OUTLINE: This is a multicenter study.

Mobilization and harvest: Within 8 weeks of surgical debulking, patients receive cyclophosphamide IV over 1 hour, followed 4 hours later by paclitaxel IV over 24 hours. Patients receive filgrastim (G-CSF) subcutaneously (SQ) daily beginning 24 hours after completion of paclitaxel infusion and continuing until blood counts recover and autologous peripheral blood stem cells (PBSC) are harvested and selected for CD34+ cells.

High dose chemotherapy and transplantation (3 weeks after PBSC harvest): Patients receive paclitaxel IV over 24 hours beginning on day 1, immediately followed by carboplatin IV over 2 hours, immediately followed by topotecan IV over 24 hours. Patients receive G-CSF sub-cutaneously (SQ) daily beginning 24 hours after completion of topotecan infusion and continuing until blood counts have recovered for 2 days. One quarter of the PBSC are reinfused beginning 2 days after completion of topotecan infusion. Treatment repeats every 4 weeks for 4 courses in the absence of disease progression or unacceptable toxicity. Patients with radiographic and biochemical complete response undergo laparoscopy as second look surgery within 8 weeks of the last course of chemotherapy. If no evidence of disease is found during laparoscopy, then exploratory laparotomy must also be performed.

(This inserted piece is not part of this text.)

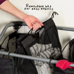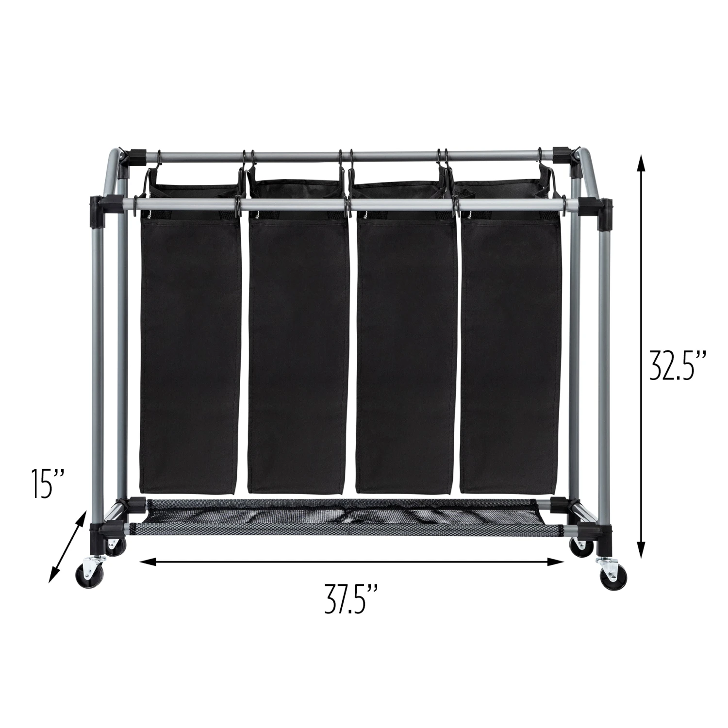You’ve got the fancy bar cart, the mid-century modern credenza—now you can shine up your laundry game too with this sleek Quad Laundry Sorter with black mesh bags. Glowing amid your dirty clothes like a beacon of style, this modern laundry hamper effortlessly glides from room to room while helping you separate your whites, darks and gold lamé loungewear. The breathable black mesh bags keep you breathing a little more fabulously on chore day. Both functional and fancy, this 4 bag laundry sorter has enough moxie to wear designer clothes and separate all the ones that need washing.

Patients are followed every 3 months for 2 years, every 6 months for 3 years, and then annually thereafter or at time of recurrence until death.

Study Timeline

• Study Start: 1999-11
• Study First Submitted: 2000-01-28
• Primary Completion: 2002-02-06
• Study First Submitted QC: 2003-08-22
• Study First Posted: 2003-08-25
• Status Verified: 2017-08
• Last Update Submitted: 2017-08-08
• Last Update Posted: 2017-08-09

Recruitment & Eligibility

• Status: TERMINATED
• Sex: Female
• Target Recruitment: 12

Inclusion Criteria

• Histologically proven optimally debulked stage III ovarian or primary peritoneal carcinoma

  • Any of the following subtypes:

    • Serous adenocarcinoma
    • Mucinous adenocarcinoma
    • Clear cell carcinoma
    • Transitional cell carcinoma
    • Endometrioid adenocarcinoma
    • Undifferentiated adenocarcinoma
    • Mixed epithelial adenocarcinoma
    • Adenocarcinoma, not otherwise specified

• No ovarian carcinoma of low malignant potential (borderline)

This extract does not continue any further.